Но тут он осекся, предоставив мне понемногу разбираться в том, как «высоко» можно забраться и что будет, если залезть на самую верхотуру. Если младший забирал так же высоко, как и старший, значит, и его голова тонула где-то во мгле, когда он стоял на ковровой дорожке. И когда служитель заговорил снова, я перестал его слушать. Он бубнил над моей головой о нишах, хранящих священные книги, ризах, образах, кадильницах и кадильщиках. А я мысленным взглядом обозревал погруженную во мглу церковь, битком набитую длинными-предлинными священниками.
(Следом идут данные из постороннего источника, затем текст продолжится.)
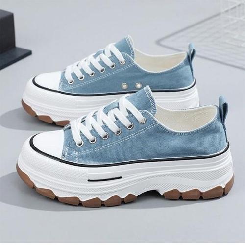 [옷자락]여자 캐주얼 스티치 슈레이스 캔버스 운동화 스니커즈
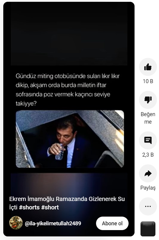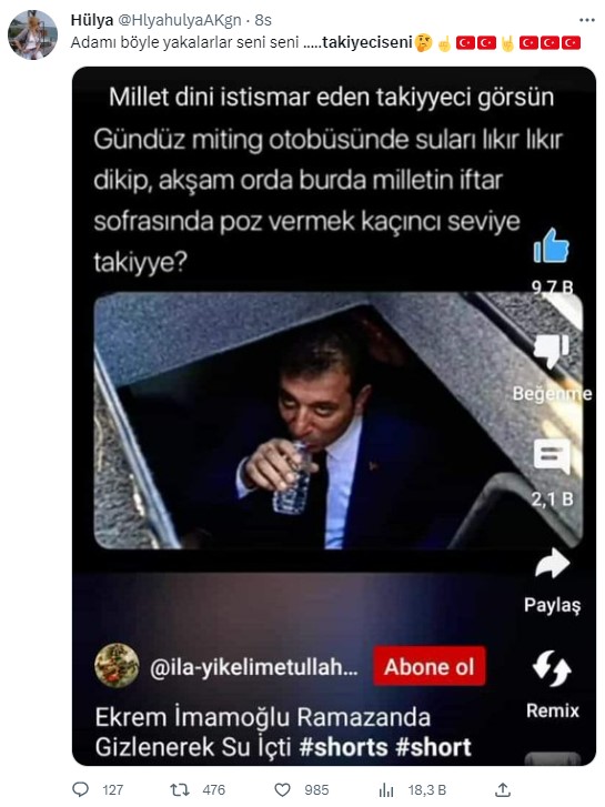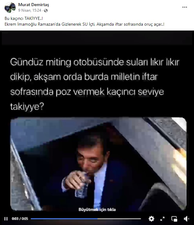 Geçtiğimiz gün kendisi hakkında sosyal medyada bir tweet yayılıma girdi ve kısa sürede binlerce etkileşim aldı. İddiaya göre paylaşılan fotoğraf, Ekrem İmamoğlu’nu Ramazan ayında gizlice su içerken gösteriyordu.
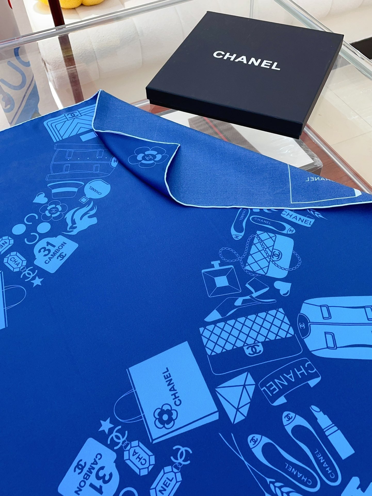 CC Square Scarf 90 CM In Blue Silk Twill 211102
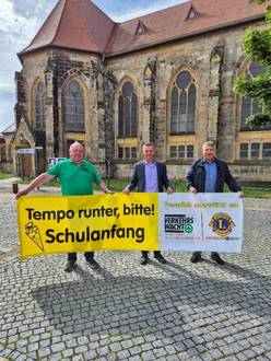 Die Banner tragen die Aufschrift „Tempo runter, bitte! Schulanfang“ und wurden von Herrn Glandien als Vorsitzender der Kreisverkehrswacht Oschersleben im Landkreis Börde e.V. und von Herrn Lindenblatt als Vizepräsident des Lions-Club Oschersleben an die Stadt Oschersleben (Bode) übergeben. Bürgermeister Benjamin Kanngießer sagt dazu: „Besonders in Schulnähe ist erhöhte Aufmerksamkeit gefragt, um Unfälle zu vermeiden und den Schulweg für Kinder so sicher wie möglich zu gestalten. Das bewusste und rücksichtsvolle Verhalten aller Verkehrsteilnehmer ist für eine sichere Umgebung für die Kinder von großer Bedeutung.“ Herr Glandien betont im Rahmen der Übergabe die gute Zusammenarbeit und die starken Netzwerke mit den Partnern aus der Region, welche auch in der Zukunft aufrechterhalten bleiben sollen. Die Stadt Oschersleben (Bode) bedankt sich bei der Kreisverkehrswacht Oschersleben im Landkreis Börde e.V. und dem Lions-Club Oschersleben für ihr Engagement und ihre Unterstützung, die Sicherheit unserer Schulkinder zu verbessern.
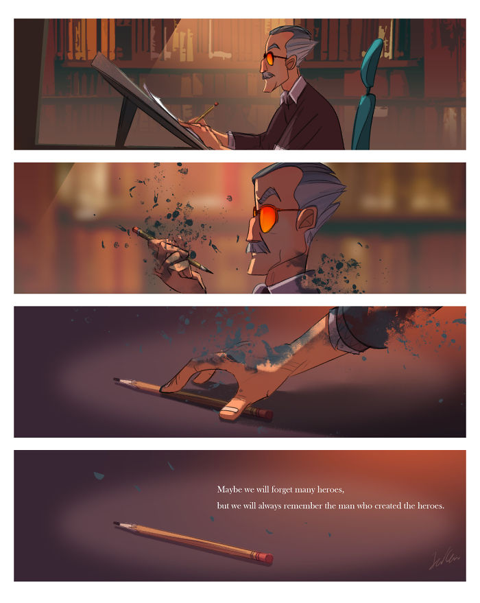 2018年11月14日漫畫界的一代傳奇史丹李永遠地離開了我們,但是他留給全世界的作品還會一直影響著每一個人。許多藝術家知道消息後,紛紛在最短的時間內畫出了致敬的作品,他老人家在天上看到有那麼多人愛著他,相信也會微笑著謝謝大家。

Потом я сообразил, что он говорил уже о другом – о том, как услышал, что мы с Филипом ходим по церкви. Он никогда не зажигал света до самого последнего момента. И если леди Кросби ждала исповедника, он тоже не зажигал, пока она не уходила, как велел ему отец Ансельм. Ночью почти никогда не зажигал. Это был единственный способ поймать негодяев из этого общества. Когда он засек нас, то решил убедиться. Взял фонарик и, выйдя крадучись из ризницы, пробрался на хоры за кресла. А когда увидел, что это только ребятишки, ужасно разозлился.

Я навострил уши. Он вроде как собирался рассказать мне во всех подробностях, как, крадучись за креслами, на цыпочках спустился вниз. Да, славно он это проделал и меня славно изловил.

Он снял с кровати котелок и поставил на тумбочку. Теперь он приступил к цели своего визита. Конечно, я очень намаялся с ухом, но он же не знал, а из-за этого общества никакого житья не было…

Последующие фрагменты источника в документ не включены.